Fortunately, Dennis Covington escaped the cult and made it back to New York. He wrote about his experience in an amazing book called Salvation on Sand Mountain: Snake Handling and Redemption in Southern Appalachia. Covington says that the snake-handling experience confirmed his long-held suspicion that madness and religion are a hair’s breadth apart. That feeling after God is dangerous business. That Christianity without passion, danger, and mystery may not really be Christianity at all. I’m with Dennis on this. Let’s not reduce faith in God to a small-minded, verse-picking, powerless and fearful way of life. Gimme a snake.
Irreligious troubles
Remember the troubles in Ireland? They were religious wars is what we were told. The Catholics against the Protestants. Been going on for centuries. Indeed.

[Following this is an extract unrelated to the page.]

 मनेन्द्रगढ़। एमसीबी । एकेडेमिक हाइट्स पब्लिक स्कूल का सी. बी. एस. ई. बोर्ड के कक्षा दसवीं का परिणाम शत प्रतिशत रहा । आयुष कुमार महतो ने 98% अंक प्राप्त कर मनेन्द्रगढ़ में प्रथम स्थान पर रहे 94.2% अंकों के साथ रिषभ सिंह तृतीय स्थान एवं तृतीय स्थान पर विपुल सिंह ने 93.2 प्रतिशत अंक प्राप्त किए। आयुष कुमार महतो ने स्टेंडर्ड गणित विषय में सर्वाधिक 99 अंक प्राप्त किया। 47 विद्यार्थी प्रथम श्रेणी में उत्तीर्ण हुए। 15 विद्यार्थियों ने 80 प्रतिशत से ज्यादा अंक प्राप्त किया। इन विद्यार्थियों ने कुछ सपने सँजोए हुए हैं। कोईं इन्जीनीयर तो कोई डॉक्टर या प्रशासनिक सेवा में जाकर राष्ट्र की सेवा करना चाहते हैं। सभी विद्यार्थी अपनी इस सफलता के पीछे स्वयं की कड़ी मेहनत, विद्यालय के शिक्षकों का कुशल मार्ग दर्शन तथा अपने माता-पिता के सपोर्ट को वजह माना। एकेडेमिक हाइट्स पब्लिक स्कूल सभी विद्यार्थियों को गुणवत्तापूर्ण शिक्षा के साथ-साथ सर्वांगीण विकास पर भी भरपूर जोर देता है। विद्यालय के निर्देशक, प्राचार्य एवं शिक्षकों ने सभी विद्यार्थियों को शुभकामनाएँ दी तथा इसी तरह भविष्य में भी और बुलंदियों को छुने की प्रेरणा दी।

England has occupied Ireland for centuries, that much is true. And the English lackeys who settled the land for the British king and played landlord to the Irish were Protestant indeed. And the native Irish who have been fighting to regain their sovereignty are the religion of St Stephen who drove the pagan snakes from Ireland and converted everyone to Christianity before there was such a thing as Protestantism. The English were Catholic until Henry VIII was refused an annulment from the pope and so created his own Church of England. British subjects had to follow their king into Protestantism, and the enemy freedom fighters in Ireland would, of course, not.
And so the battle between the Irish and their English occupiers waged on, cleverly repackaged by the empire, the British Empire and ours, as religious troubles. Who sympathizes with an opponent’s foreign religion? The plight the dispossessed is another matter.

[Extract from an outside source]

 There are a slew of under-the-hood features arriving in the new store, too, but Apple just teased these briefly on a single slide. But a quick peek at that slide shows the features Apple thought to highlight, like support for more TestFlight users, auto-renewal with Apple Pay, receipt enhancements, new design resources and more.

Likewise in Palestine. Are we to believe that Muslims are fighting Jews over the fate of their religious differences in Palestine? Oh, it’s been going on for thousands of years. Really?

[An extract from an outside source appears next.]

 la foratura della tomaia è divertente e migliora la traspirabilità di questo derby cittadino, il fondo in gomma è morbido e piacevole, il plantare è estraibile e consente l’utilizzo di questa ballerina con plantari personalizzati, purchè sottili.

Israel’s pretext for entitlement to the Holy Land dates back two thousand years, that’s true enough, when Jews last ruled Judea. There probably can be no end to land disputes when you argue claims that far back. Courts decided long ago to simplify disputes with statutes of limitation. In war however, every conqueror likes to assert they are reclaiming what lands were theirs by predestiny.
Palestinians are fighting the Israelis for their homeland. Israel occupies Palestine and keeps building settlements unto more of it, displacing and killing the original occupants. Israel’s motives might be religious, but the conflict is not. The fighting is occupation versus resistance, er, insurrection. The internecine strife amongst Palestinians and amongst Lebanese are no more sectarian than it is about who is collaborating with the occupiers.
Sectarian differences in Iraq, as throughout the Middle East, have similarly less to do with religion than the struggle against colonial occupiers. Right now we are demonizing the Shia, the fundamentalist hard ballers out of Iran, who threaten the Sunnis. They do, but hardly for religious reasons. The Sunni are and have been our agents, the administrative class for the West’s domination of the Middle East. When you hear Egypt opine, that’s us. Saudi Ariabia, that’s us. All the feudal sheiks, sultans and monarchs? Ours. In our pocket and we in theirs. They don’t like the Shias because they’re as irreligious as alpha males in a harem. Once more the occupiers have their religious or counter-religious pretext. The oppressed are fighting for their land and their freedom.